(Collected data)
# # #

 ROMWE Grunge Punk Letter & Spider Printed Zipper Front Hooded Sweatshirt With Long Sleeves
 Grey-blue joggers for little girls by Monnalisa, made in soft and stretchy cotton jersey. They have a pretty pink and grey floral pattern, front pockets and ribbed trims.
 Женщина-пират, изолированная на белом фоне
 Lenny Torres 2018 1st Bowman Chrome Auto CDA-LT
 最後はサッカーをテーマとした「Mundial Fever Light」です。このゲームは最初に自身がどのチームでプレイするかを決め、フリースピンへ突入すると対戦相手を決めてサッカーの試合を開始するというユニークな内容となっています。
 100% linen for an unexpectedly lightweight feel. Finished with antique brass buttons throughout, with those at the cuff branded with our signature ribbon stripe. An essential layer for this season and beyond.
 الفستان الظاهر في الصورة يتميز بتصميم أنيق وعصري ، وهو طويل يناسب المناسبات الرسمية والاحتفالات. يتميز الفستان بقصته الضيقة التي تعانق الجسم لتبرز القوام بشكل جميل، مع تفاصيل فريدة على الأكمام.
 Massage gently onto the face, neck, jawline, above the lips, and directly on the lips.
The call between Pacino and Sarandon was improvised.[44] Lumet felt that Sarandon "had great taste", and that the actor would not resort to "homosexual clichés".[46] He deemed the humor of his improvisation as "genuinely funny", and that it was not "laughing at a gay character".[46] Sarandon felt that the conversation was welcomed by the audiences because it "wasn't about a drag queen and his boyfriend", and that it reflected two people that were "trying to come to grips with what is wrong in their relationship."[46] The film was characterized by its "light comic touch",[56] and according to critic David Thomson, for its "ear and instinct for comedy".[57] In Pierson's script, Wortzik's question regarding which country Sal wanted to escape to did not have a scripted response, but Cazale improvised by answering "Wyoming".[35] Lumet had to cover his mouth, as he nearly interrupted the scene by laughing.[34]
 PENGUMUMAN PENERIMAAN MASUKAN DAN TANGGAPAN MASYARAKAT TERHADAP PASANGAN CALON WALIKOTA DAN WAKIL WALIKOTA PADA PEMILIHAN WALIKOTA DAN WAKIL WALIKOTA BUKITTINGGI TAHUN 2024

# # #

(WHAT IS NEEDED) Above are the lines; repeat exactly the ones from the line containing "Женщина-пират, изолированная на белом фоне" down to the line containing "Massage gently onto", both inclusive.

(FINISHED EXERCISE)
 Женщина-пират, изолированная на белом фоне
 Lenny Torres 2018 1st Bowman Chrome Auto CDA-LT
 最後はサッカーをテーマとした「Mundial Fever Light」です。このゲームは最初に自身がどのチームでプレイするかを決め、フリースピンへ突入すると対戦相手を決めてサッカーの試合を開始するというユニークな内容となっています。
 100% linen for an unexpectedly lightweight feel. Finished with antique brass buttons throughout, with those at the cuff branded with our signature ribbon stripe. An essential layer for this season and beyond.
 الفستان الظاهر في الصورة يتميز بتصميم أنيق وعصري ، وهو طويل يناسب المناسبات الرسمية والاحتفالات. يتميز الفستان بقصته الضيقة التي تعانق الجسم لتبرز القوام بشكل جميل، مع تفاصيل فريدة على الأكمام.
 Massage gently onto the face, neck, jawline, above the lips, and directly on the lips.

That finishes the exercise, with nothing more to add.